The Aragi family's dairy farm — the largest in the state — is special because it still exists and it isn't losing money.
Pine Island Farm is actually making money, not just by selling milk, but by selling power it generates from methane thrown off by cow manure. Nary a penny lands on the farm's electric bill, and the Aragis' sell the excess power to some local off-takers — like Ward's Nursery — at a discount through a state program called net metering.

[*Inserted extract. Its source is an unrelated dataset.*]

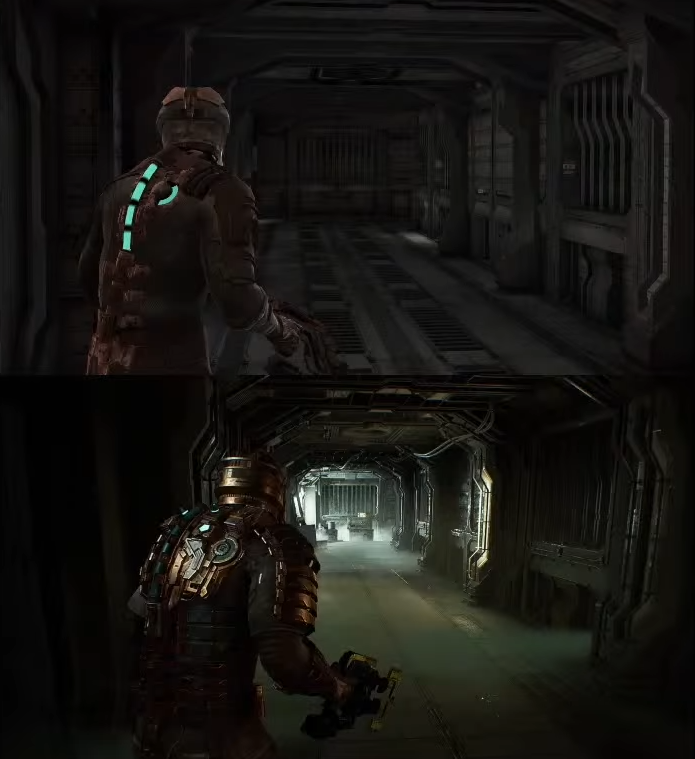Да что то не очень тянет на ремейк судя по сравнению да новый движок и тд но добавили освещение в местах где оно особо то и не нужно тем самым портит атмосферу, по геймплею видно еще работать и работать, Айзек ходит так как будто боится на какашку наступить, да и костюм как то слишком выделяется на фоне может просто пока тени толком не доработали.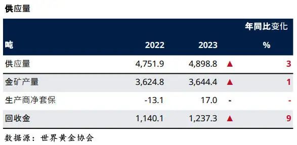 狭义上主要是指和实物金相关的供需。其中实物金供给主要包括「矿产金」和「回收金」,皆相对稳定。

It is for this reason and more that Pine Island, with its roughly 1,500-plus acres of pasture, corn and hay fields for cow feed — was just awarded Outstanding Dairy Farm of the Year in Massachusetts by the Green Pastures Program at UMassAmherst. Holly Aragi, sitting in the farmhouse kitchen, never mentioned the award, but talked about the hard work of grant-writing and wading through a bureaucratic swamp to get $405,000 from the state Department of Energy Resources to upgrade National Grid's Sheffield substation, and to do line upgrades that will allow for a second generator to run the anaerobic methane digester that turns cow manure and food waste into electricity. And food waste also goes into it to help the digestion along. Excess grains and other food from local producers like Guido's Fresh Marketplace and Berkshire Mountain Distillers is fed into the digester. And even Stonybrook Farms in Vermont sends its excess whey here.

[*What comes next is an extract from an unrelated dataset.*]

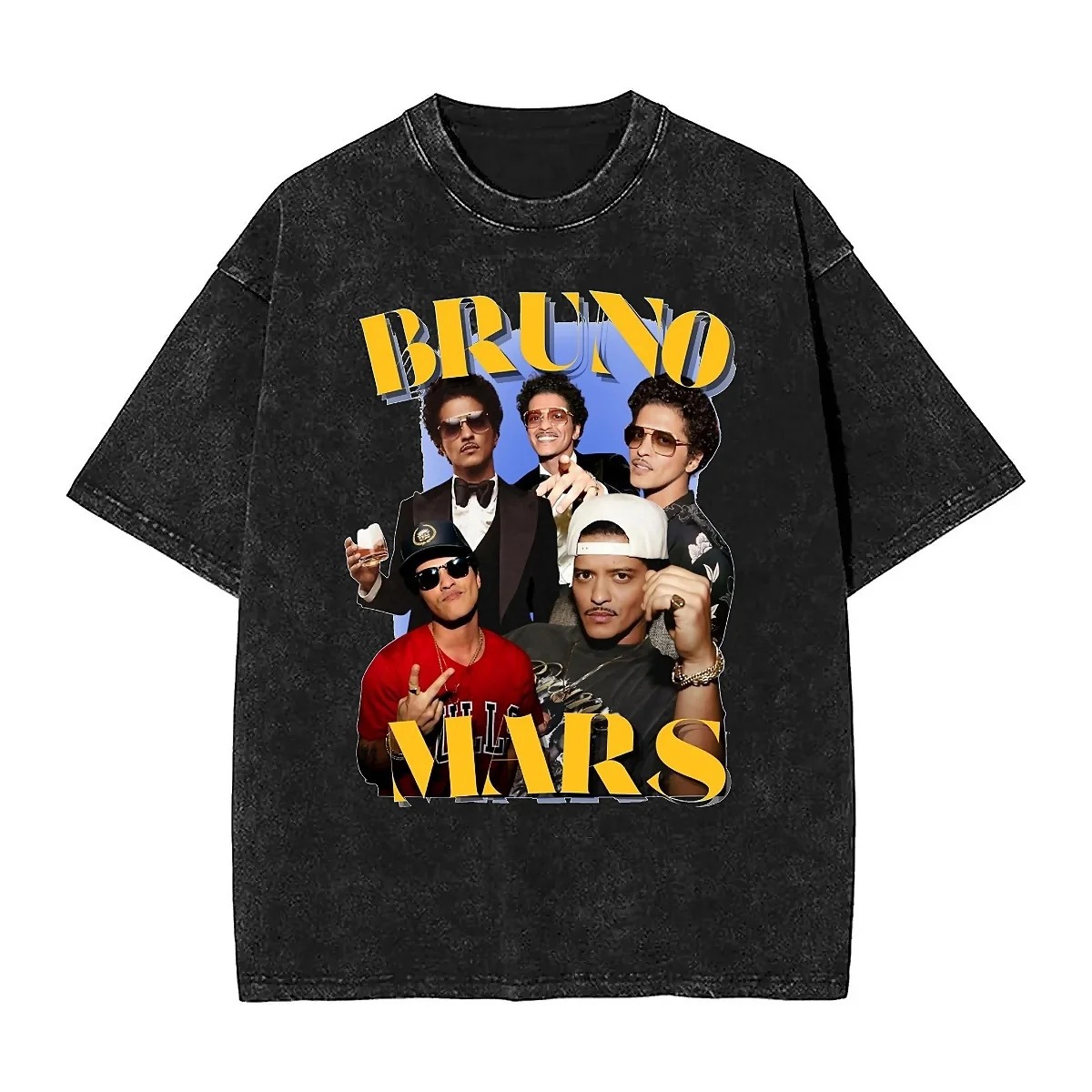 2025 Perdagangan Luar Negeri Baru Bruno Pop Musisi Dicuci Kaos Retro Universal Pria Wanita Mars Ameri

The digester separates the liquids and solids, and out comes liquid to fertilize the fields and solids to bed some of the farm's 1,500 cows, of which about 564 are milked. The farm sells milk through the Dairy Farmers of America cooperative.The cow bedding is critical, Holly said. If the generator, which runs 24/7, shuts down for maintenance or other reasons, trouble can stack up across the farm.